Studio album by Gary Moore
- Released: 27 September 1999
- Recorded: 1998
- Studio: Marcus Recording Studios, London
- Genre: Experimental pop; dance; rock; drum and bass; electronic; blues;
- Length: 64:54
- Label: Castle; Raw Power;
- Producer: Gary Moore; Ian Taylor;

Gary Moore chronology
| Blood of Emeralds (1999) | A Different Beat (1999) | Back to the Blues (2001) |

= A Different Beat (Gary Moore album) =

A Different Beat is the twelfth solo studio album by Irish guitarist Gary Moore, released by Castle Music in September 1999. Produced by Moore with Ian Taylor, the album saw Moore continue to jettison his familiar blues and hard rock stylings work for a more experimental pop approach, following Dark Days in Paradise (1997). The musician was inspired by modern dance music and sought to create an album that fused dance rhythms with guitar work, and collaborated with musicians Roger King and the E-Z Rollers to help him achieve this.

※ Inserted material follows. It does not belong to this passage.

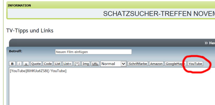 Zunächst kopiert man die Youtube-Filmnummer in das Einbgabefenster des Forums, markiert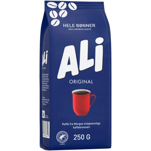ALI Kaffe original har en perfekt balanse mellom god fylde, fin aroma og lett syrlighet som gir den gode smaken som kjennetegner ALI Kaffe. ALI Kaffe original består av 100% Arabica-bønner fra Brasil og Colombia som dyrkes på 1.000 – 1.600 meters høyde, hvor det er perfekt jordsmonn og klima for kaffedyrking. Ved å kombinere kaffebønner fra de to landene får en fram en perfekt balanse mellom god fylde, fin aroma og lett syrlighet som gir den gode smaken som kjennetegner ALI Kaffe. - Malingsgrad: Hele bønner. - Volum: 250g.

The album is characterised by its usage of keyboards, loops, samples, programmed dance beats and experiments in drum and bass, though also incorporates Moore's bluesy guitar solos. Stylistic comparisons were drawn with Apollo 440 and Fatboy Slim, the latter of whom was the subject of the tribute track "Fatboy", while Moore also recorded a cover of Jimi Hendrix's "Fire". On release, A Different Beat was another commercial disappointment for Moore and baffled his fanbase, although some music critics praised Moore for tasking musical risks with the album. The guitarist later disowned the album.

==Background and recording==
Though known for his hard rock work in the 1970s and 80s, Gary Moore's blues-based album Still Got the Blues (1990) was the biggest critical and commercial success of his career, inspiring the guitarist to continue the direction on his next albums, After Hours (1992), Blues Alive (1993) and Blues for Greeny (1995). Although he helped revive the popularity of blues, he abruptly changed direction for Dark Days in Paradise (1997), an experimental pop album which featured influences of Britpop and electronic music. Although the record baffled Moore's fanbase and sold poorly, the musician continued his musical experimentation for its follow-up, A Different Beat.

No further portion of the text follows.